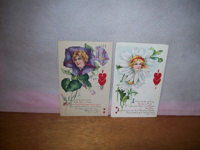 Title (ebay affiliate link): (2) STEGHER/HELEN E. JEFFERS "LADIES FACES ATOP OF VALENTINE FLOWERS" LOOK!!!!!!
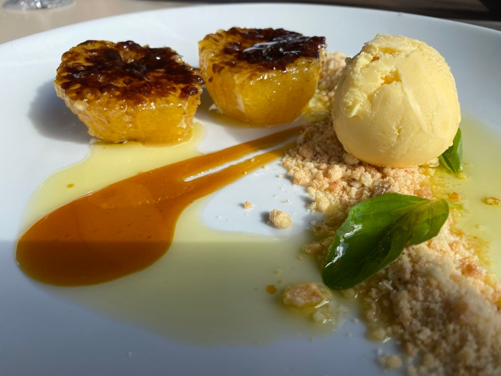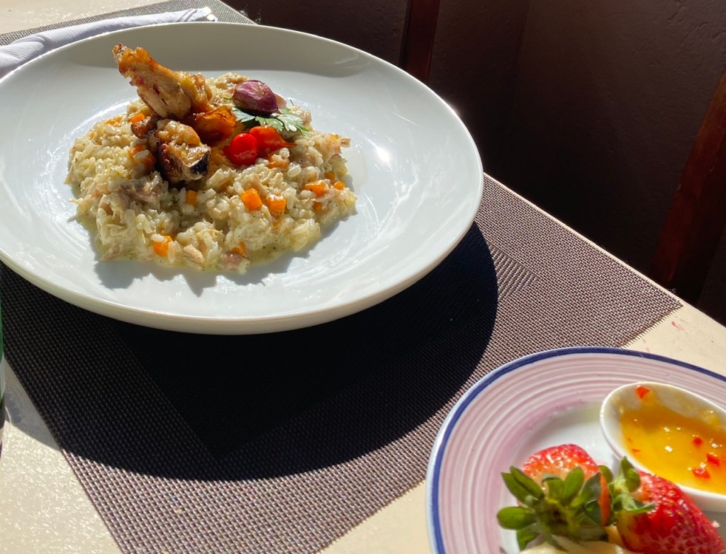 Como prato principal recomendamos o risoto de galinhada e o tornedor com purê de banana da terra. Para finalizar não deixe de provar o doce de laranja flambada com melaço de cana, sorvete e farofa.
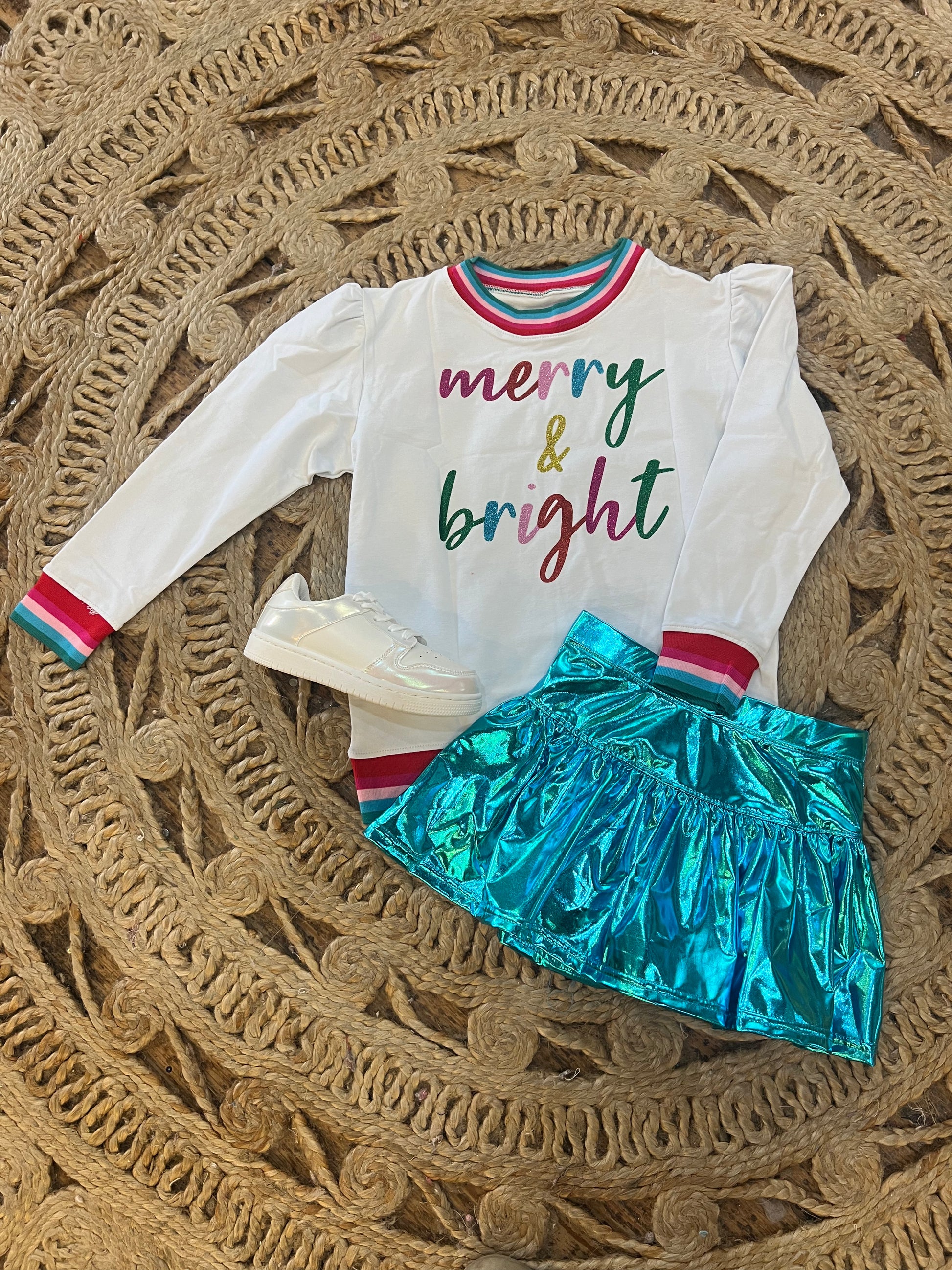 CHRISTMAS HOLLY GLITTER MERRY & BRIGHT SWEATSHIRT WHITE
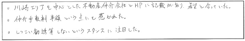 初めての手続きばかりで必要書類や時期を早く教えてもらえたので仕事のスケジュール調整がたてやすかったです。 以前も物件見学の山岸さんの感じが良かったので今回の物件も取扱確認してお願いしました。売主さんと先方不動産担当者手続きの時、手際の違いをものすごく感じました。山岸さんはgood jobでしたが担当者によって大きく差があるなぁと感じる手続きでした。何でも相談(聞き)やすいし事務所の方も人当たりの良さにリラックスして相談できたし楽しく進められました。 ★矢向駅前八百屋で買った”みかん”が美味しかったです(笑)
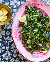 - 3 pounds Swiss chard—rinsed, stems cut into 1/2-inch pieces, leaves cut into 1-inch ribbons

#### TASK DETAILS:
Write out every line of the entries above exactly, and omit their pictures.

#### PROBLEM SOLUTION:
 Title (ebay affiliate link): (2) STEGHER/HELEN E. JEFFERS "LADIES FACES ATOP OF VALENTINE FLOWERS" LOOK!!!!!!
 Como prato principal recomendamos o risoto de galinhada e o tornedor com purê de banana da terra. Para finalizar não deixe de provar o doce de laranja flambada com melaço de cana, sorvete e farofa.
 CHRISTMAS HOLLY GLITTER MERRY & BRIGHT SWEATSHIRT WHITE
 初めての手続きばかりで必要書類や時期を早く教えてもらえたので仕事のスケジュール調整がたてやすかったです。 以前も物件見学の山岸さんの感じが良かったので今回の物件も取扱確認してお願いしました。売主さんと先方不動産担当者手続きの時、手際の違いをものすごく感じました。山岸さんはgood jobでしたが担当者によって大きく差があるなぁと感じる手続きでした。何でも相談(聞き)やすいし事務所の方も人当たりの良さにリラックスして相談できたし楽しく進められました。 ★矢向駅前八百屋で買った”みかん”が美味しかったです(笑)
 - 3 pounds Swiss chard—rinsed, stems cut into 1/2-inch pieces, leaves cut into 1-inch ribbons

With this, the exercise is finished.